▶ _Activity_
Once you reach the line containing "干了不认错,现在看起来像只要热度,直播毁前不久还是舰长的号直接断了自己一口粮", return it and every line after it exactly, through the end of the records below, with no pictures.
──────── Records shown ────────
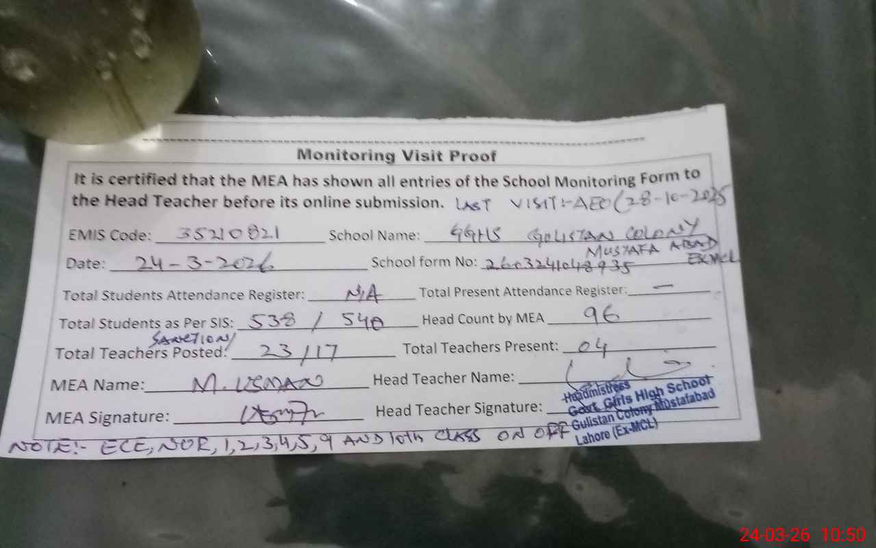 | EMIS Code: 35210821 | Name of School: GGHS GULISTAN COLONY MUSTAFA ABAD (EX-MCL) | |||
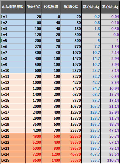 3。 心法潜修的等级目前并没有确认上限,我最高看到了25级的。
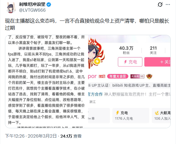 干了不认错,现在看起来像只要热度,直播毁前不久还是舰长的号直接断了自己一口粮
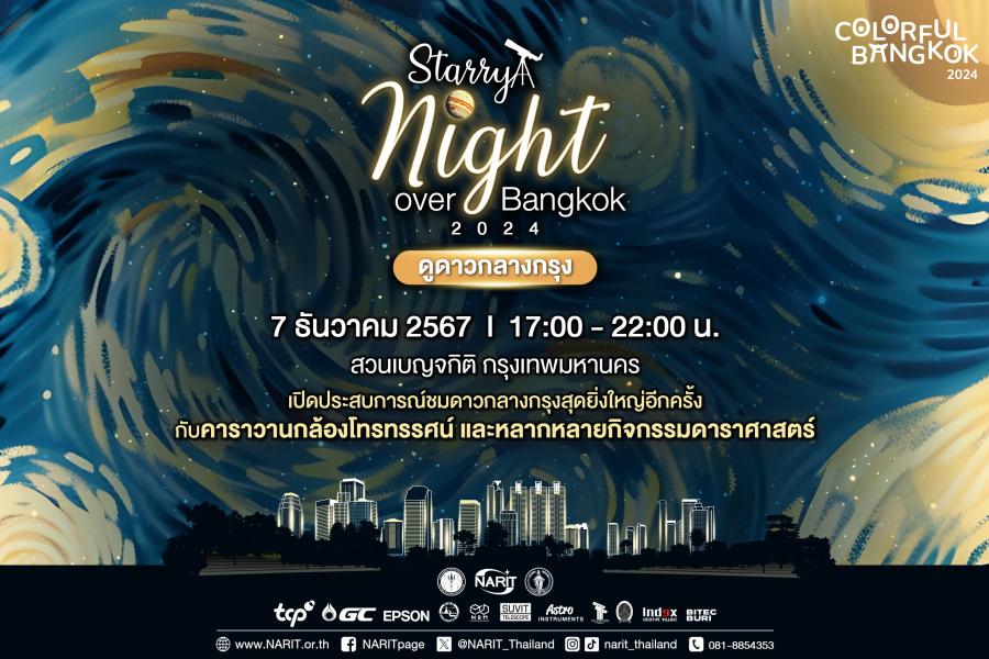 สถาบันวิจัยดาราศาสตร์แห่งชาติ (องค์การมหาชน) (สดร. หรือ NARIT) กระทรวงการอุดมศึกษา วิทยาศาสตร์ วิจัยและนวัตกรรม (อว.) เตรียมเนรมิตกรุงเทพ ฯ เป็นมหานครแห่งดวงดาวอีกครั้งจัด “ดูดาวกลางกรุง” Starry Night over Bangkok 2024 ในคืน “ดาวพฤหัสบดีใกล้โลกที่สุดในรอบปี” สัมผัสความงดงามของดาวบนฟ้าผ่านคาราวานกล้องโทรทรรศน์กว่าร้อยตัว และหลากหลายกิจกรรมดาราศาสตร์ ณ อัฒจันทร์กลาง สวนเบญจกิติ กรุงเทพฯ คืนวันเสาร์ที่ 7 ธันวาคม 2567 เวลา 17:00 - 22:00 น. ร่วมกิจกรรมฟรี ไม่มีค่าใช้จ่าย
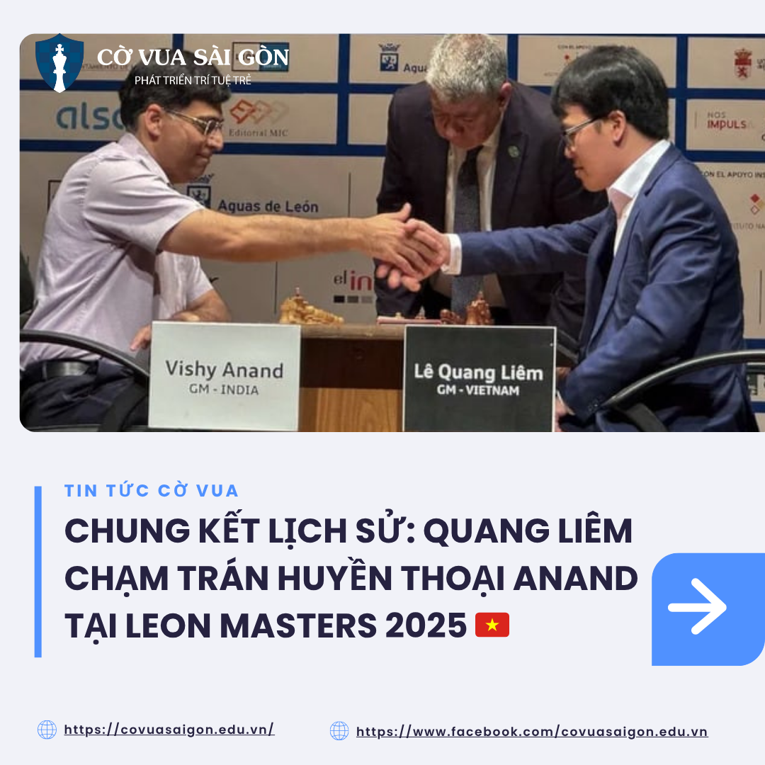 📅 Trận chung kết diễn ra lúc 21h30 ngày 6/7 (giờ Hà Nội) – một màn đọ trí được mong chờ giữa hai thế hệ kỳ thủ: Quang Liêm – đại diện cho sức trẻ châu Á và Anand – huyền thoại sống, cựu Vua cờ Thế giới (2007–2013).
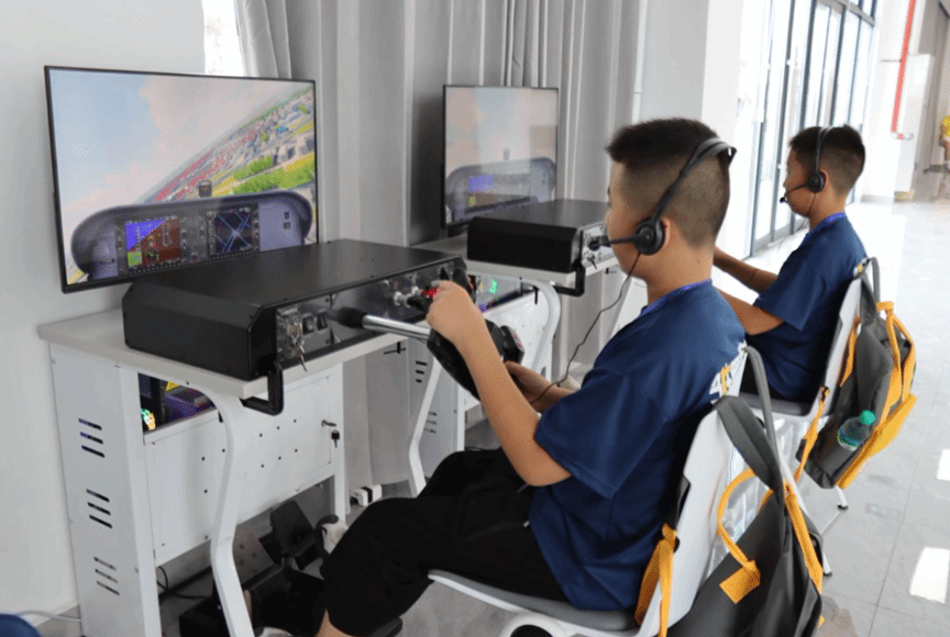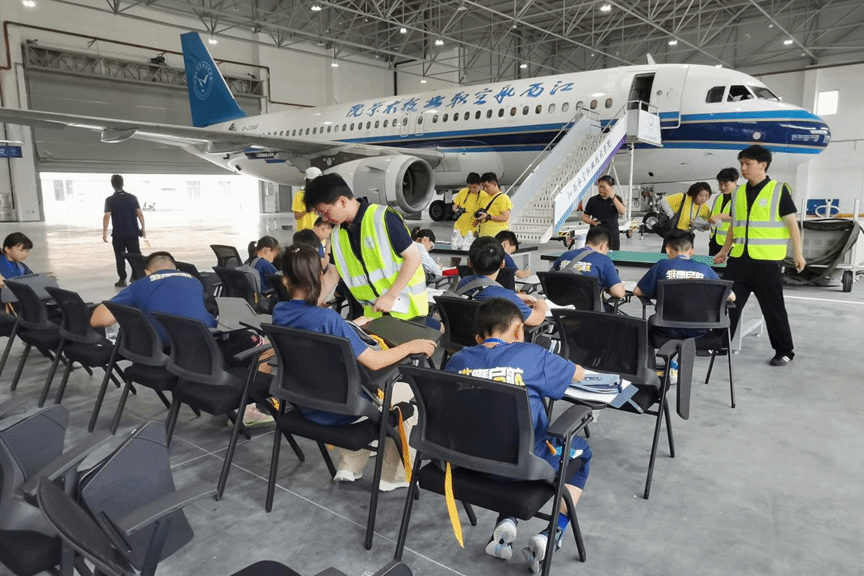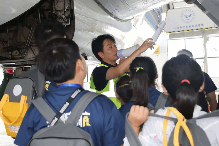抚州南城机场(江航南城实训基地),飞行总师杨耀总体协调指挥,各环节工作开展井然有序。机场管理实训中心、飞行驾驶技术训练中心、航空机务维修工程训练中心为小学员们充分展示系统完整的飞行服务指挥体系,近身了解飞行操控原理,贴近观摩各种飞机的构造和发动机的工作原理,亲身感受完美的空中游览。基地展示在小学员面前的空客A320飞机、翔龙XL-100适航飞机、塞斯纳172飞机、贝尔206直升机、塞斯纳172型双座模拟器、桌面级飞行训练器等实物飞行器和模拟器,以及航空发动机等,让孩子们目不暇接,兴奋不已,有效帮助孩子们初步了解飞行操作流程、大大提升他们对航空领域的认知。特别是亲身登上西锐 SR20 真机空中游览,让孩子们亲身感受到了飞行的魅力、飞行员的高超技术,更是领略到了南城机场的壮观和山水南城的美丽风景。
────────
▶ _Problem solution_
 干了不认错,现在看起来像只要热度,直播毁前不久还是舰长的号直接断了自己一口粮
 สถาบันวิจัยดาราศาสตร์แห่งชาติ (องค์การมหาชน) (สดร. หรือ NARIT) กระทรวงการอุดมศึกษา วิทยาศาสตร์ วิจัยและนวัตกรรม (อว.) เตรียมเนรมิตกรุงเทพ ฯ เป็นมหานครแห่งดวงดาวอีกครั้งจัด “ดูดาวกลางกรุง” Starry Night over Bangkok 2024 ในคืน “ดาวพฤหัสบดีใกล้โลกที่สุดในรอบปี” สัมผัสความงดงามของดาวบนฟ้าผ่านคาราวานกล้องโทรทรรศน์กว่าร้อยตัว และหลากหลายกิจกรรมดาราศาสตร์ ณ อัฒจันทร์กลาง สวนเบญจกิติ กรุงเทพฯ คืนวันเสาร์ที่ 7 ธันวาคม 2567 เวลา 17:00 - 22:00 น. ร่วมกิจกรรมฟรี ไม่มีค่าใช้จ่าย
 📅 Trận chung kết diễn ra lúc 21h30 ngày 6/7 (giờ Hà Nội) – một màn đọ trí được mong chờ giữa hai thế hệ kỳ thủ: Quang Liêm – đại diện cho sức trẻ châu Á và Anand – huyền thoại sống, cựu Vua cờ Thế giới (2007–2013).
抚州南城机场(江航南城实训基地),飞行总师杨耀总体协调指挥,各环节工作开展井然有序。机场管理实训中心、飞行驾驶技术训练中心、航空机务维修工程训练中心为小学员们充分展示系统完整的飞行服务指挥体系,近身了解飞行操控原理,贴近观摩各种飞机的构造和发动机的工作原理,亲身感受完美的空中游览。基地展示在小学员面前的空客A320飞机、翔龙XL-100适航飞机、塞斯纳172飞机、贝尔206直升机、塞斯纳172型双座模拟器、桌面级飞行训练器等实物飞行器和模拟器,以及航空发动机等,让孩子们目不暇接,兴奋不已,有效帮助孩子们初步了解飞行操作流程、大大提升他们对航空领域的认知。特别是亲身登上西锐 SR20 真机空中游览,让孩子们亲身感受到了飞行的魅力、飞行员的高超技术,更是领略到了南城机场的壮观和山水南城的美丽风景。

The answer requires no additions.